While gout is most common after middle age, more patients are presently experiencing an earlier onset of the arthritic condition. However, no studies had determined the genetic cause of those early-onset gout cases until a group of Japanese researchers discovered the same genomic dysfunction among the patients in their analysis published in the June 18, 2013, edition of Scientific Reports.
For their “Common Dysfunctional Variants in ABCG2 Are a Major Cause of Early-Onset Gout” study, Hirotaka Matsuo, MD, PhD, and investigators from medical colleges throughout Japan examined the activity of ABCG2 — a uric acid regulator that mediates urate excretion as a transporter gene — in 705 male gout patients and 1,887 male control subjects to determine whether dysfunction of the gene causes gout before the age of 30.
Splitting the genotype combinations into four functional groups on the basis of estimated ABCG2 transport — full function, mild function (¾ function), moderate dysfunction (½ function), and severe dysfunction (≤ ¼ function) — the authors found that “the less activity the ABCG2 function showed, the younger the onset age of gout became.” Furthermore, the gout onset age of patients with severe ABCG2 dysfunction was 6.5 years younger than those with full function of the gene. (Figure)
After detecting ABCG2 dysfunction in approximately 88.2 percent of the early-onset cases, compared to 49.8 percent of controls, the researchers conducted an association analysis to demonstrate each patient group’s increased risk of gout.
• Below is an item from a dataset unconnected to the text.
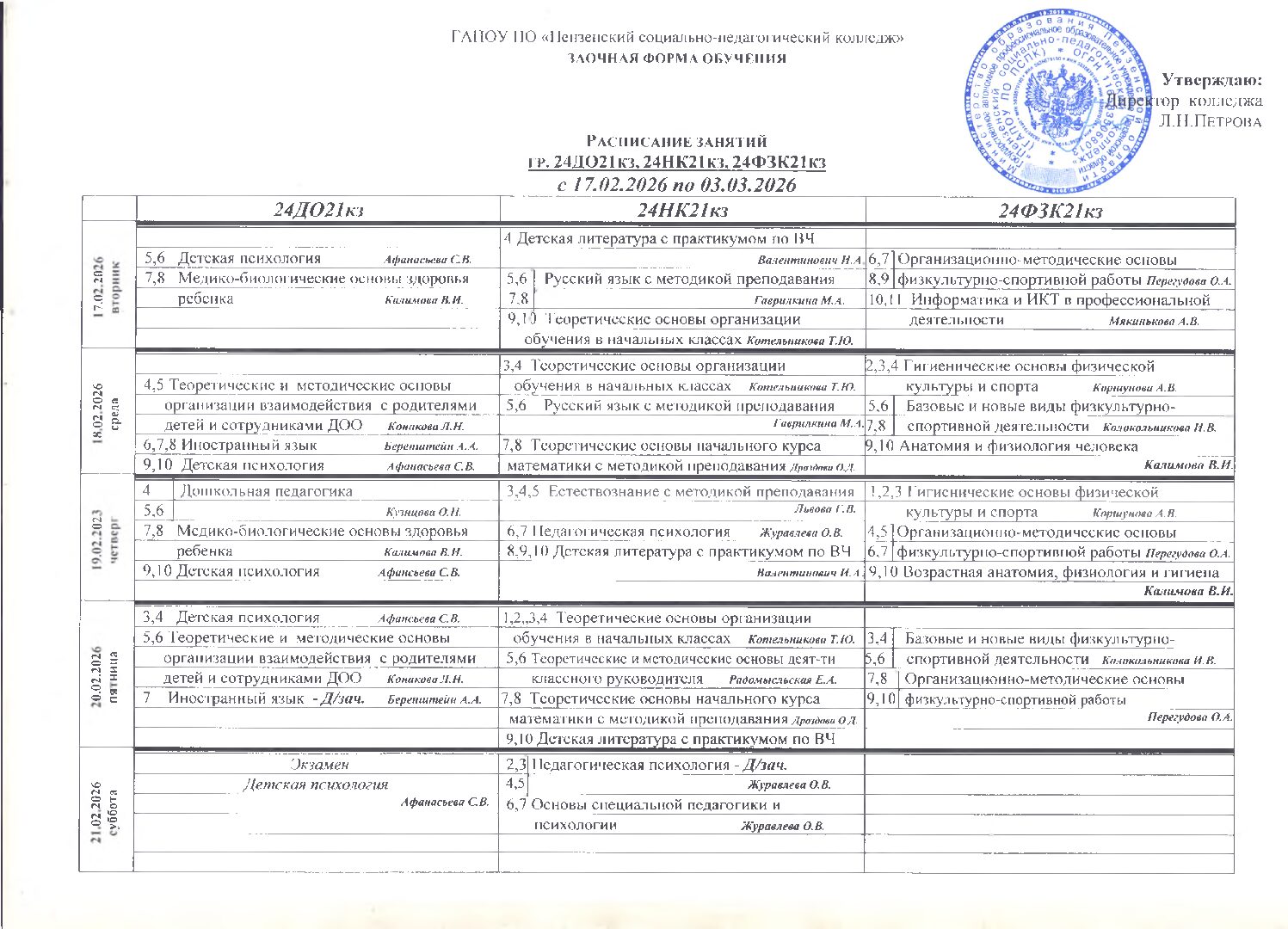 расписание занятий с 17.02.2026 г. для групп 2-го курса

In that subsequent study, the authors discovered that “severe ABCG2 dysfunction especially increased the risk of early-onset gout, conferring an adjusted odds ratio (OR) of 22.2, (while) moderate and mild dysfunction of ABCG2 markedly increased the risk of early-onset gout, conferring an adjusted OR of 15.3 and 6.47, respectively. In fact, any dysfunction of ABCG2 significantly increased the risk of gout in all onset-age groups.”
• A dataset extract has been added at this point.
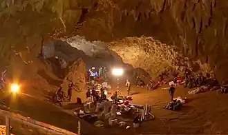 Als am 23. Juni 2018 zwölf Jungen der Jugendfußballmannschaft Moo Pah („Wildschweine“) gemeinsam mit ihrem Trainer nach einem Fußballtraining einen Fahrradausflug zur Tham Luang unternahmen, wurden sie während des Aufenthalts in der Höhle von heftigen Regenfällen überrascht. Da Teile des Rückwegs aus der Höhle überflutet wurden, konnten sie nicht aus eigener Kraft wieder hinausgelangen. Bei einer eingeleiteten Suchaktion fanden Polizisten Ausrüstungsgegenstände der Fußballmannschaft wie Fahrräder und Fußballschuhe im Eingangsbereich der Höhle, woraufhin thailändische Militärtaucher begannen, die Höhle abzusuchen. Am 26. Juni baten die thailändischen Behörden offiziell um Unterstützung bei der britischen Höhlenrettungs-Organisation British Cave Rescue Council. Hierauf flogen die britischen Höhlentauch-Spezialisten Richard Stanton und John Volanthen sowie der britische Höhlenforscher Robert Harper noch am selben Tag nach Thailand. Zudem wurde die Suchmannschaft von 30 Soldaten des United States Pacific Command verstärkt. Mit vereinten Kräften konnte die Gruppe, die sich etwa 400 Meter hinter dem Pattaya Beach genannten Höhlenabschnitt befand, schließlich aus der Höhle gebracht werden.

“Our overall results clearly show that common dysfunction of ABCG2 is a major cause of early-onset gout … that occurs in the twenties or earlier,” the authors concluded. “Because early-onset gout will compromise patients’ quality of life (QOL) for a long time and require huge life-long medical costs, early screening for ABCG2 dysfunction and appropriate interventions will greatly benefit high-risk individuals. Therefore, our findings will serve to improve the QOL of high-risk individuals and reduce health care costs.”
To ensure cost-effective screenings, the researchers also showed that genotyping only two dysfunctional ABCG2 variants — Q126X and Q141K — is sufficient to estimate the severity of the gene’s dysfunction, and thus, a patient’s early-onset gout risk.